STEER-ME: Assessing LLMs in Information Economics

· 15 min read · workshop

Note: this blog post deviates slightly from our Workshop paper.

Introduction

Recently, Large Language Models (LLMs) have increasingly been deployed as decision-making engines, either directly acting as economic agents \citep{cai2023large, homo_silicus, voyager} or as essential components within broader systems designed for economic decision-making \citep{zhuge2023mindstorms, wang2023unleashing, huggingGPT}. Despite constituting promising demonstrations of LLM capabilities, such systems have also exposed significant brittleness in LLM performance: models succeeding in one scenario often fail unpredictably in closely related contexts, suggesting at least some reliance on superficial pattern matching vs robust economic reasoning \citep[e.g.,][]{hendrycks2021measuringmassivemultitasklanguage, ribeiro-etal-2020-beyond}. Despite this behavior, most existing economic benchmarks narrowly evaluate specific applications and do not rigorously assess the foundational strategic and computational reasoning skills necessary for reliable economic decision-making. We argue that before LLMs can be meaningfully evaluated or deployed in information economics, their capacities for these foundational reasoning capabilities must be systematically assessed.

To address this need, we developed the STEER benchmark \citep{ramansteer}, providing a comprehensive assessment of strategic reasoning foundational to economics. STEER was constructed by taxonomizing distinct "elements of economic rationality," ultimately comprising 64 strategic reasoning elements, including core concepts from game theory and foundational decision theory. Leveraging state-of-the-art LLMs, we systematically generated diverse questions across multiple domains (e.g., finance, medicine, public policy) and varying difficulty levels, creating an extensive and continually expandable dataset for benchmarking LLM economic reasoning. Building upon this methodology, we recently expanded the scope of our benchmark with STEER-ME \citep{ramansteerme}, introducing 58 computational microeconomic reasoning elements—such as competitive market analysis, optimal consumption, and utility maximization. STEER-ME is significantly more challenging than STEER, not only because it demands precise mathematical computation but also because the evaluated concepts frequently require careful sequential reasoning, which directly underpins many critical scenarios in information economics.

Information Economics in STEER-ME

In particular, STEER-ME evaluates elements essential for decision-making under uncertainty, such as correctly computing expected utility, managing state-contingent consumption, and evaluating the prices and risks inherent in uncertain economic environments. It further includes elements explicitly testing models' abilities to systematically update beliefs in response to new information, such as precisely applying Bayes' rule and optimally adapting decisions based on revised probabilities. These reasoning capabilities are foundational building blocks for canonical information economics scenarios—including costly information acquisition, adverse selection, Bayesian persuasion, and rational information disclosure—where economic agents must balance the expected value of information with its cost and dynamically update their beliefs to make rational decisions.

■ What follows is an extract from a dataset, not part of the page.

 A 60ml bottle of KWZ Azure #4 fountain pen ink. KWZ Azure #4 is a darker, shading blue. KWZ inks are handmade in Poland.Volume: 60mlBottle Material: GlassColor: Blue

A natural way to see these building blocks working in concert is the element we call Dynamic Profit Maximization. A firm is tasked with maximizing profit across two periods. They start with some capital $K_1$, a known output function $\mathcal{O}$, a cost to growing capital described by $\mathcal{Cost}$, and tomorrow faces a price $p_2$ that may be deterministic, uncertain, or inspectable at cost $c$. Below, we show the three different objective functions that arise under each "flavor."

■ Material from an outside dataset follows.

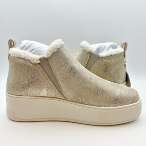 J/Slides Women's Magic Pull On Platform Sneaker Size 7.5 Gold Metallic WP NIB

The deterministic flavor is the simplest: the agent must choose a capital $K_2$ to maximize expected profit, given that tomorrow's price is known in advance. The uncertain flavor adds uncertainty to tomorrow's price, requiring the agent to form an expectation over the distribution of $p_2$. Finally, given uncertainty over $p_2$, the costly-inspection flavor allows the agent to pay $c$ to inspect tomorrow's price before making a decision. That is, they choose (i) whether to pay the inspection fee, an indicator $I$, and (ii) a decision rule $\phi$ that maps the realized price into tomorrow's capital. See below for examples of each flavor as an instantiated question.

Methods

Models We Evaluated

We evaluated four state-of-the-art models: Anthropic's Claude 3.5 Sonnet and Claude 3.7 Sonnet and OpenAI's GPT 4o and o3. While Claude 3.5 Sonnet and GPT 4o are standard language models, Claude 3.7 Sonnet and o3 are reasoning models. Reasoning models are fine-tuned to conduct better chain-of-thought reasoning and o3 even has the ability to interleave code execution during reasoning. For the standard LLMs we decode with temperature 0 as that is considered optimal for high-fidelity reasoning tasks. For the reasoning models we sample with temperature 0.6 as is recommended by each provider.

Evaluation Procedure

To standardize the evaluation, we presented each model with the same set of 500 questions per flavor and allowed each model to reason before coming to an answer. Each prompt lists the scenario and four labelled options; the model's task is to output the letter of its chosen option. We then scored each response for accuracy, counting an answer correct only when the returned letter matched the unique correct choice.

Results

Figure 1: Accuracy by flavor

As can be seen in Figure 1, o3 was nearly flawless in the baseline deterministic-price flavor and loses only three to five percentage points as uncertainty and information acquisition are layered on. This robustness is unsurprising: o3 is the only model in the cohort with native code-execution, so once it forms the correct objective it can offload the calculus to the built-in Python sandbox—turning what is conceptually challenging but mechanically straightforward optimization into a trivial call to a solver. Claude 3.7 Sonnet Thinking ranks a clear second. Although it lacks code execution, the fine-tuned reasoning offers the model noticeably higher accuracy than both GPT-4o and Claude 3.5 Sonnet. However, we observed that it had the largest drop from deterministic to uncertain price out of all the evaluated models. That large drop suggests that Claude 3.7 Sonnet's boost in performance is susceptible to uncertainty in the information set. GPT-4o's performance mostly clusters in the low 0.4 range and exhibits little systematic difference between flavors. The flat profile implies that the step from deterministic optimization to value-of-information reasoning did not make much difference because it was already near random-guessing on the underlying calculus. Surprisingly, Claude 3.5 Sonnet showed an increase in performance for the costly inspection flavor.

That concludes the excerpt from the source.